We see God causing natural disasters again when he brought the ten plagues of Egypt (see. Ex. 7-12) because, “I have surely seen the affliction of my people who are in Egypt and have heard their cry because of their taskmasters. I know their sufferings, and I have come down to deliver them out … (Ex. 3:7-8)”
God brings natural disasters in light of human sin. In this way he conducts himself as the final judge of his free creatures. Isaiah 33:22 states this role, “For the Lord is our judge; the Lord is our lawgiver; the Lord is our king; he will save us.” Since the Lord is the lawgiver, he is the One who judges those that were created under his law. Too often God is given a catch 22 situation. Either he keeps his creatures accountable for their actions, and so brings judgment, or he does not, and is accused of not being just. People pray that God would act against the murder, or the dictator, but when God moves and the murder is caught and sent to jail, or the dictator is captured, people rail against God, because they wanted it a different way. Yet, out of all, God is the only one who brings unbiased verdicts against all free creatures. Something that we will talk more about in our final week.
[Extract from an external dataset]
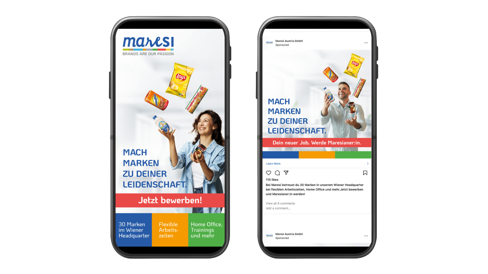 In einem hart umkämpften Markt für Spezialist*innen wollten wir Maresi als Arbeitgeber herausstellen, der mehr bietet – flexible Zeiteinteilung, Home Office und einen hohen Grad an Entscheidungsfreiraum. Um das Unternehmen auch von der Konkurrenz abzuheben, haben wir eine Kampagne entwickelt, die authentisch und modern ist. Sie betont sowohl die Vorteile als auch die vielfältigen Aufgabenbereiche bei Maresi und hebt besonders die Marken Inzersdorfer, KnabberNossi, Shan’shi, Maresi Milch, Ovomaltine und Lay’s hervor. Mit kreativen Ansätzen und einer präzisen Mediaplanung erreichen wir eine breite Zielgruppe in Wien und Umgebung.

In the end, there are three sources for evil in the case natural evil: The first two, stem from free creatures. The first free creatures are the image bearers whose dominion over creation leads them to have a significant spiritual connection that places the creation in bondage, which affects are felt both relationally between the image bears and in the natural world. The second of the free creatures are spiritual beings who interact with the natural world and the image bearers. And though they have significant power, they do not have the spiritual connect that the image bearers do. Finally, God does cause some natural disaster, but he does so as an impartial judge in response to verdicts he passes upon the evils of his creatures.
Too often we, like Adam and Even try to pass the responsibility of evil to the next person. The devil made me do it, God isn’t fair. But the reality is, we cause more evil in this world than we would ever want to know. The ramifications of our promiscuity, of our harsh words, of our not picking up the trash, is felt for generations that follow.
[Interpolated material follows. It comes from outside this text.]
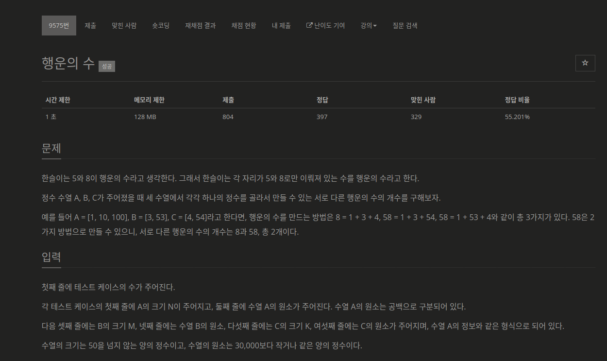 문제 출처 : https://www.acmicpc.net/problem/9575

Only when we recognize our role in the evils of this world, will we begin to see the reason for Jesus’ work on our behalf. Jesus came to break the power of evil, that we might return to the goodness of God in which we were created to live.
This week I want to challenge you, to take a few days and ponder the effects of decisions you have made in the past, both good and evil. See their ramifications. You might have tried to absolve yourself of them before, saying things like, “Well yeah I said that harsh word, but they didn’t have to respond to it like that.” Or, “Well yeah I didn’t treat my spouse very good, but my kids should still talk to me because I’m their parent.”
We need to be truthful about our decision and the ramifications they cause. This isn’t an excuse for evil to happen to us, we cannot control the evil that others do, but we can take responsibility for our own, and turn to Jesus for forgiveness. He knows every evil we’ve committed and all the repercussions of that evil throughout all of history. He is the just and good God, if we turn to him, he promises his goodness to us and that’s a comforting thing.
So let us be an honest people before the world, and be seeker s of the Good God. Amen.